- [What to produce] This task calls for the lines below starting at the one containing "MURO Wandbild aus" and ending at the one containing "Celebrate the holidays", repeated exactly with both ends kept and pictures left out.

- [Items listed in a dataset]
--- --- ---

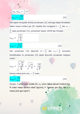 dalam massa molekul gas (M). Apabila kita mengganti = dan =
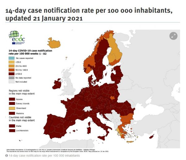 Να σημειωθεί ότι το ECDC δεν συλλέγει στοιχεία για τη Βρετανία, την Ελβετία, τις βαλκανικές χώρες (εκτός εκείνων που είναι μέλη της ΕΕ), την Ουκρανία, τη Λευκορωσία και τη Ρωσία.
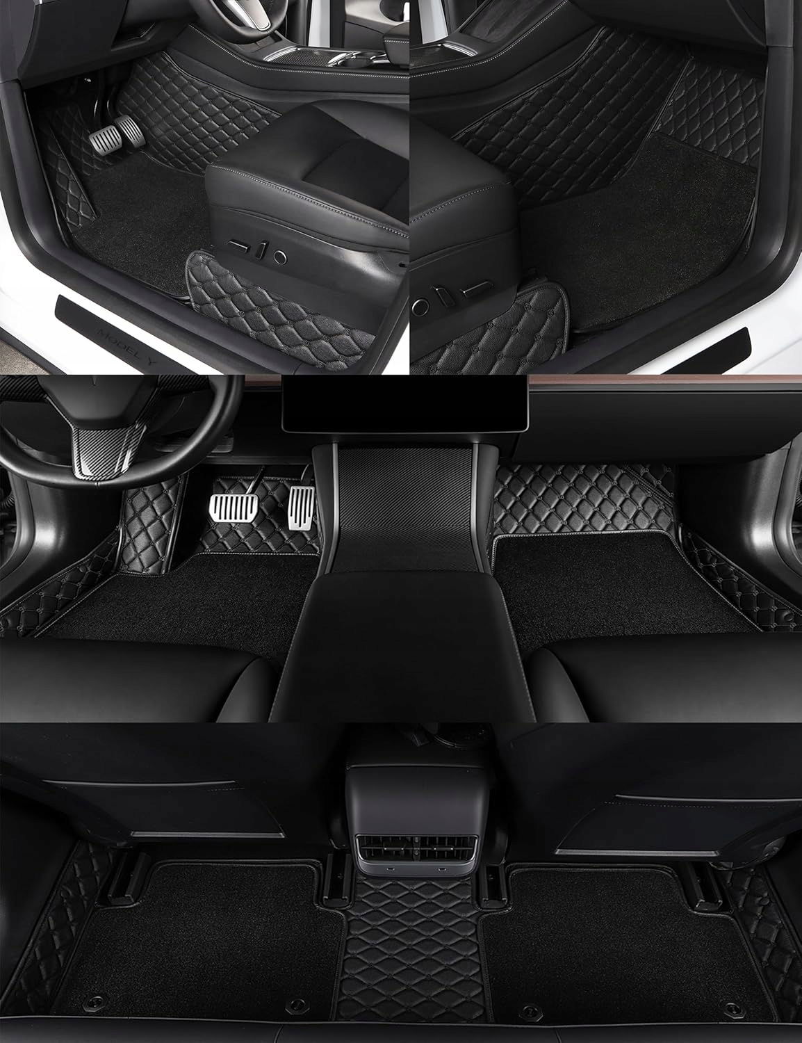 Zestaw zawiera: jeden zestaw dywaników + zestaw mat do bagażnika Tesla Model Y 2021-2025. Łącznie 4 sztuki całego zestawu mat Tesla.
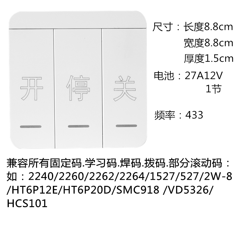 433对拷贝遥控器卷帘门车库门电动门伸缩门通用86型无线墙壁开关
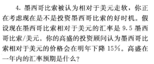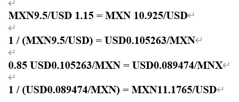 墨西哥比索相对于美元价格下降,为什么不是9.5MXN/USD*(1-15%)?
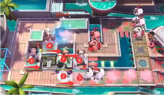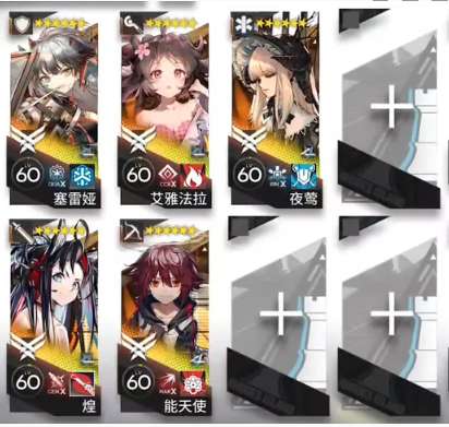 如图所示部署能天使(向左) → 伊芙利特(向左)→ 闪灵(向下) → 铃兰(向左)→ 艾雅法拉(向左),最后在小羊上面补一个高台或者地面都行。
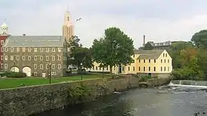 The Derwent Valley is considered the birthplace of the factory system.[21] The machines developed in the Derwent Valley such as the water frame allowed continuous production.[9] Richard Arkwright's Cromford Mill and the associated workers' settlement provided a template for industrial communities, not just in the valley but internationally. The reason a settlement was built contemporaneously with Cromford Mill was to provide housing for the workers; the only way to secure the labour the mill required was if homes were provided for the labourers and their families. The success of Arkwright's model lead to other industrialists copying him. Entrepreneurs such as Peter Nightingale, Jedediah Strutt and Thomas Evans founded the settlements of Belper, Milford, and Darley Abbey within the Derwent Valley for their employees. As well as the economic standpoint of ensuring a supply of labour, the industrialists were also concerned for their employees and families and acted out of a sense of paternalism.[33]
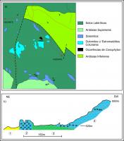 | Acesso: | O geossítio de Cabeludo localiza-se a cerca de 1 km da Vila de Cabeludo, a qual pertence ao município de Vazante, que se situa na porção noroeste do Estado de Minas Gerais (Fig. 1). O acesso pode ser feito a partir da cidade de Vazante em direção a Vazamor situado ao norte ou a partir da cidade de Paracatu em direção ao sul, por estradas de terra trafegáveis em qualquer período do ano. As coordenadas geográficas do sítio são: 17,72583333 S; 46,75888889 W. |
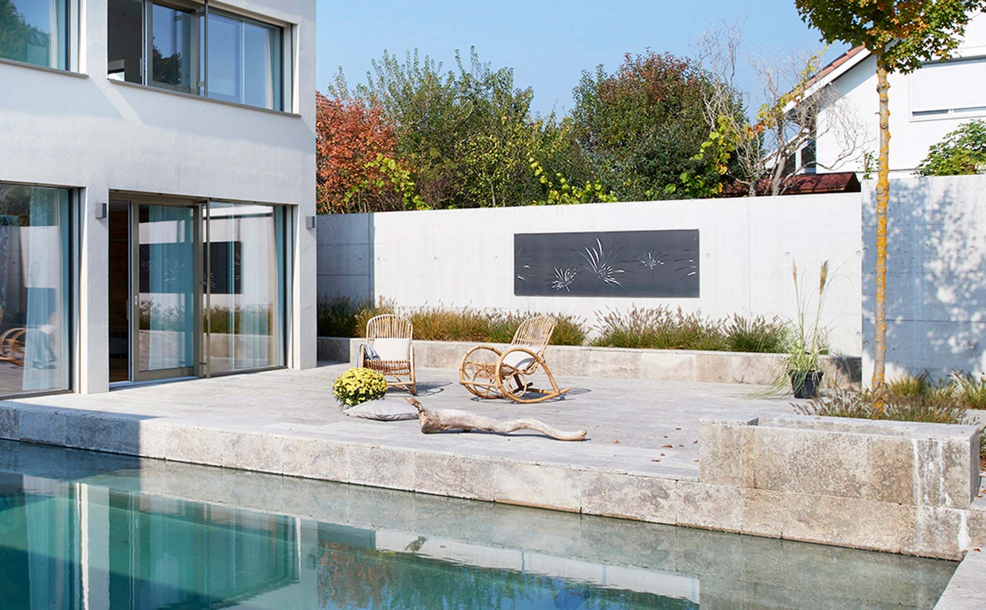 MURO Wandbild aus 3 mm Cortenstahl und Outdoor LED Beleuchtung
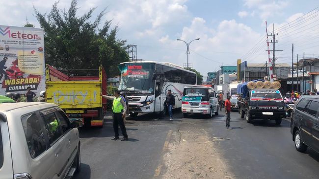 Kecelakaan melibatkan bus Tentrem dengan truk kontainer dan tiga motor terjadi dekat perlintasan sebidang kereta api di Jalan Raya Singosari, Kabupaten Malang. Satu pengendara motor tewas, satu luka berat, dan satu luka ringan.
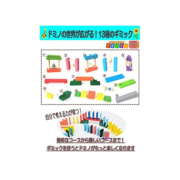 원본상품명:はじめての ドミノ たおし 120個+ ギミック 13種セット 【 積み木 知育 プレゼント にも最適】
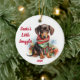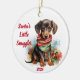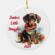 Celebrate the holidays with this charming round ornament featuring a watercolor dachshund all snuggled up in a cozy scarf. The text "Santa's Little Snuggler" above and the year "2024" below can be personalized to make this ornament uniquely yours! Perfect for dachshund lovers, this adorable ornament will add warmth and personality to your Christmas tree or make a thoughtful gift for friends and family. Bring some dachshund charm to your holiday decor with this festive keepsake!
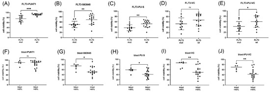 FLT3 status and blast cell percentage as biomarkers of responses to PU-H71 and BH3 mimetic combination treatments. Cell viability was determined in mononuclear cells isolated from AML patients’ peripheral blood or bone marrow after 20 h of treatment. Samples were grouped according to FLT3 genetic variation (A–E) or blast cell percentage (F,G). AML cells were treated in vitro with 100 nM PU-H71 (A,F), 100 nM S63845 (B,G), 100 nM venetoclax (C,H), PU-H71 combined with S63845 (D,I), or PU-H71 combined with venetoclax (E,J). The significance of differences in median values was calculated by a Mann–Whitney test. Significance of differences in median values was calculated by a Mann–Whitney test. Significance denoted for p < 0.05 (*); p < 0.01 (**); p < 0.001 (***); no significance denoted for p > 0.05 (ns).
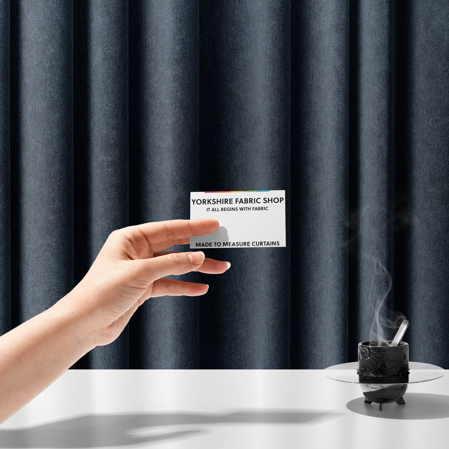 Experience the luxurious feel of Davos flat weave chenille upholstery fabrics in prussian blue. Our made to measure curtains offer a tailored fit and are guaranteed to elevate any room with a touch of elegance. Trust in our high-quality materials and impeccable craftsmanship.

--- --- ---

- [Your solution]
 MURO Wandbild aus 3 mm Cortenstahl und Outdoor LED Beleuchtung
 Kecelakaan melibatkan bus Tentrem dengan truk kontainer dan tiga motor terjadi dekat perlintasan sebidang kereta api di Jalan Raya Singosari, Kabupaten Malang. Satu pengendara motor tewas, satu luka berat, dan satu luka ringan.
 원본상품명:はじめての ドミノ たおし 120個+ ギミック 13種セット 【 積み木 知育 プレゼント にも最適】
 Celebrate the holidays with this charming round ornament featuring a watercolor dachshund all snuggled up in a cozy scarf. The text "Santa's Little Snuggler" above and the year "2024" below can be personalized to make this ornament uniquely yours! Perfect for dachshund lovers, this adorable ornament will add warmth and personality to your Christmas tree or make a thoughtful gift for friends and family. Bring some dachshund charm to your holiday decor with this festive keepsake!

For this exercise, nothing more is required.